The other thing that occurred to me when reading this patch in context
of the other one is that this sleep you're removing here is not the
only sleep in the call chain. Each hwrng driver can also sleep, and
many do, sometimes for a long time, blocking until there's data
available, which might happen after minutes in some cases. So maybe
that's something to think about in context of this patchset -- that
just moving this to a delayed worker might not actually fix the issue
you're having with sleeps.
Jason
On Mon, Sep 19, 2022 at 5:03 PM Sven van Ashbrook <[email protected]> wrote:
>
> On Fri, Sep 16, 2022 at 10:51 AM Jason A. Donenfeld <[email protected]> wrote:
> >
> > The other thing that occurred to me when reading this patch in context
> > of the other one is that this sleep you're removing here is not the
> > only sleep in the call chain. Each hwrng driver can also sleep, and
> > many do, sometimes for a long time, blocking until there's data
> > available, which might happen after minutes in some cases. So maybe
> > that's something to think about in context of this patchset -- that
> > just moving this to a delayed worker might not actually fix the issue
> > you're having with sleeps.
> >
>
> This is an excellent point.

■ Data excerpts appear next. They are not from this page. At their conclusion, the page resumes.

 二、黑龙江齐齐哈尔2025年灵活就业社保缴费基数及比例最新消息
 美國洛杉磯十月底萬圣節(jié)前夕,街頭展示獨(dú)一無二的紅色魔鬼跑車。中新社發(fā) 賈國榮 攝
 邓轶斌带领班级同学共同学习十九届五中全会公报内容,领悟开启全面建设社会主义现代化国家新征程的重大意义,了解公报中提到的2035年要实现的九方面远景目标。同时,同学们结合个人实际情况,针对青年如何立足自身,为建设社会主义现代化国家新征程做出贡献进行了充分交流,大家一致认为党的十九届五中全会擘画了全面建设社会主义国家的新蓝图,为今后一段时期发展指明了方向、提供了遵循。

A look at tpm2_calc_ordinal_duration()
> reveals that tpm_transmit() may block for 300s at a time. So when
> we are using a WQ_FREEZABLE delayed_work, the PM may have to wait
> for up to 300s when draining the wq on suspend. That will introduce
> a lot of breakage in suspend/resume.
>
> Dominik: in light of this, please proceed with your patch, without
> rebasing it onto mine.
>
> + tpm maintainers Peter Huewe and Jarkko Sakkinen, a quick recap of
> the problem:
>
> - on ChromeOS we are seeing intermittent suspend/resume errors+warnings
> related to activity of the core's hwrng_fillfn. this kthread keeps
> runningduring suspend/resume. if this happens to kick off an bus (i2c)

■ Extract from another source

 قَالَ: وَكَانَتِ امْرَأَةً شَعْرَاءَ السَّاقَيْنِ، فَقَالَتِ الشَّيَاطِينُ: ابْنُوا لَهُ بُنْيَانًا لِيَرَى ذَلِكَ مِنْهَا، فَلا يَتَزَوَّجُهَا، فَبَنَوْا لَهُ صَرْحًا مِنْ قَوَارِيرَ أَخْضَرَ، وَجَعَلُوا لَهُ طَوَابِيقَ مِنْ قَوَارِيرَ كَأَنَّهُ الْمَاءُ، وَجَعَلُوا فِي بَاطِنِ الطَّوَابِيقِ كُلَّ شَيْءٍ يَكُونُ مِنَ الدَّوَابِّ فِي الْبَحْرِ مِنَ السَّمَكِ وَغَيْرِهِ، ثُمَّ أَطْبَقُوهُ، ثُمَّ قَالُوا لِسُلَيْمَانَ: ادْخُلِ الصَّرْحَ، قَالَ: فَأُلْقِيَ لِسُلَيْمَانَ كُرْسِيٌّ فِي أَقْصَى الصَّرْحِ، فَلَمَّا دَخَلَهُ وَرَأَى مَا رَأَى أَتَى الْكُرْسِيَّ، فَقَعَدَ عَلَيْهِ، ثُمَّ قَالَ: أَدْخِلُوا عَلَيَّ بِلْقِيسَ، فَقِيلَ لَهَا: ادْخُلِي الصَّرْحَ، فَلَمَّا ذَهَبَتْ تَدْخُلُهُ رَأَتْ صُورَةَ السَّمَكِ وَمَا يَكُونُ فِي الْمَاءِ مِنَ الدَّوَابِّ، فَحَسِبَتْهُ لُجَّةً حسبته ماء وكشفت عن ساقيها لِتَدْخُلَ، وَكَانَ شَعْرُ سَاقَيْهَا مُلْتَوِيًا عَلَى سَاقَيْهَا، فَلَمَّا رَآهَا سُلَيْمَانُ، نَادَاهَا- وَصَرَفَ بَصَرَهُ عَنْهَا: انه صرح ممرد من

> transaction while the bus driver is in suspend, this triggers
> a "Transfer while suspended" warning from the i2c core, followed by
> an error return:
>
> i2c_designware i2c_designware.1: Transfer while suspended
> tpm tpm0: i2c transfer failed (attempt 1/3): -108
> [ snip 10s of transfer failed attempts]
>
> - in 2019, Stephen Boyd made an attempt at fixing this by making the
> hwrng_fillfn kthread freezable. But a freezable thread requires
> different API calls for scheduling, waiting, and timeout. This
> generated regressions, so the solution had to be reverted.
>
> https://patchwork.kernel.org/project/linux-crypto/patch/[email protected]/
>
> - the current patch attempts to halt hwrng_fillfn during suspend by
> converting it to a self-rearming delayed_work. The PM drains all
> work before going into suspend. But, the potential minute-long
> blocking delays in tpm make this solution infeasible.
>
> Peter and Jarkko, can you think of a possible way forward to eliminate
> the warnings+errors?
>
> -Sven
By the way, there was a recent ath9k patch that kind of went to a
similar tune. The solution was to make ath9k's hwrng driver sleep
using a hwrng-specific sleep function that allowed the core framework
to cancel that sleep. Maybe that's a potential solution here, or
something similar to it. Might be worth taking a look at that patch. I
think it's in one of Herbert's trees.
Jason
On Mon, Sep 19, 2022 at 11:06 AM Jason A. Donenfeld <[email protected]> wrote:
>
> By the way, there was a recent ath9k patch that kind of went to a
> similar tune. [...] Maybe that's a potential solution here, or
> something similar to it.
Jason was kind enough to point me to the patch in question:
https://git.kernel.org/pub/scm/linux/kernel/git/next/linux-next.git/commit/?id=36cb6494429bd64b27b7ff8b4af56f8e526da2b4
This patch limits the long sleep inside the fillfn kthread, by
terminating the sleep on
hwrng_unregister().
This doesn't appear like a viable approach for the suspend/resume issue?
- there is a great multitude of tpm_msleep()/msleep() calls in the tpm's
rng_get_data() path. They would all have to be made interruptible.
- even if interrupted successfully, now the kthread must be blocked until
after resume. If so, what is the point of using a non-freezable kthread.